- Born: Kumily, Kerala, India
- Occupations: Poet; lyricist;

= Gilu Joseph =

Malayali poet, lyricist

Gilu Joseph is a Malayali poet and lyricist. She earlier worked as an air hostess with Flydubai. She has also acted in Malayalam film.

== Personal life ==
Gilu hails from Kumily, Idukki district, Kerala, she also has two sisters. She moved to Dubai at the age of 18 to work as cabin crew with Flydubai.

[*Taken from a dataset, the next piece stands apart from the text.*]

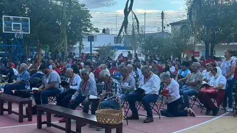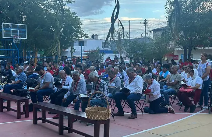 La misa se decidió oficiar en la plaza, dado que cabe más gente que en la capilla, por lo que pusieron un altar en la plaza y sillas y bancas. El lugar lució completamente lleno de feligreses, sobre todo muchos de la adoración nocturna, y la gente agradeció que afortunadamente este año sí se tuvieron lluvias que no se habían tenido en años, por lo que se tuvieron buenas cosechas; así mismo, al término de la misa las personas del campo llevaron comida preparada con sus cosechas para compartir.

Gilu appeared on the cover of the March edition of Grihalakshmi, breastfeeding a baby as a part of their 'breastfeed freely' campaign. A complaint was lodged with the State Child Rights Commission against the magazine and Gilu, by various lawyers. A petition was filed with the Kerala HC alleging that the magazine cover violated provisions of the Protection of Children from Sexual Offenses Act (POCSO), However, the court did not agree with the petitioner's allegation. The court observed that 'obscenity lies in the crotch of the beholder'.

== Work ==

- Vaarikkuzhiyile Kolapathakam (2019)
- Ottamuri Velicham (2017)
- Adam Joan (2017)
- C/O Saira Banu (2017)
- Sathya (2017)
- 2 Penkuttikal (2016)
- Lailaa O Lailaa (2015)

== Plays ==
- Hand of God

== Filmography ==

List of Gilu Joseph film credits
| Year | Film | Role | Notes |
| 2016 | Jacobinte Swargarajyam | Abdul's wife | Debut film |
| 2017 | C/O Saira Banu | Lawyer |  |
| Thrissivaperoor Kliptham | Damayanthi |  |
| Aby | Mini |  |
| Rabbit Hole | Christy | Short film |
| Aana Alaralodalaral | Kadeesu |  |
| 2018 | Parole | Varkkichan's wife |  |
| Kadha Paranja Kadha | Devi |  |
| Aabhaasam | Chitra |  |
| Abrahaminte Santhathikal | Maria |  |
| Ranam | Aadi's mother |  |
| Nonsense | Biology teacher |  |
| 2019 | Ihitha | Unnamed | Short film |
| Sitayanam | Sita |
| Sanchari | Traveller | Music video |
| Thakkol | Clara |  |
| 2020 | Anjaam Pathiraa | Doctor |  |
| Shepherds From Hell | Shiny Mathew | Webseries |
| 2021 | Instagraamam | Vanaja |
| Jan.E.Man | Saramma |  |
| Bhramam | Samuel's wife |  |
| Kaaval | Varghese's wife |  |
| Sumesh and Ramesh | Asha |  |
| 2022 | Bhoothakalam | Dr. Beena |  |
| Sreedhanya Catering Service | Simi |  |
| Rorschach | Police Constable |  |
| Chathuram | Balthazar's sister in law |  |
| Durga | Unnamed | Short film |
| 2023 | 2018 | Jiji |  |
| Kunjamminis Hospital | Elsy |  |
| Antony | Selena |  |
| Pookkalam | Remani |  |
| 2024 | Vishesham | Mini |  |
| 2025 | Identity | Smitha Shankar |  |
| 2025 | Azadi |  |  |

== Awards ==
She was awarded the Palm Pusthakapura Akshara Thoolika award for her poetry.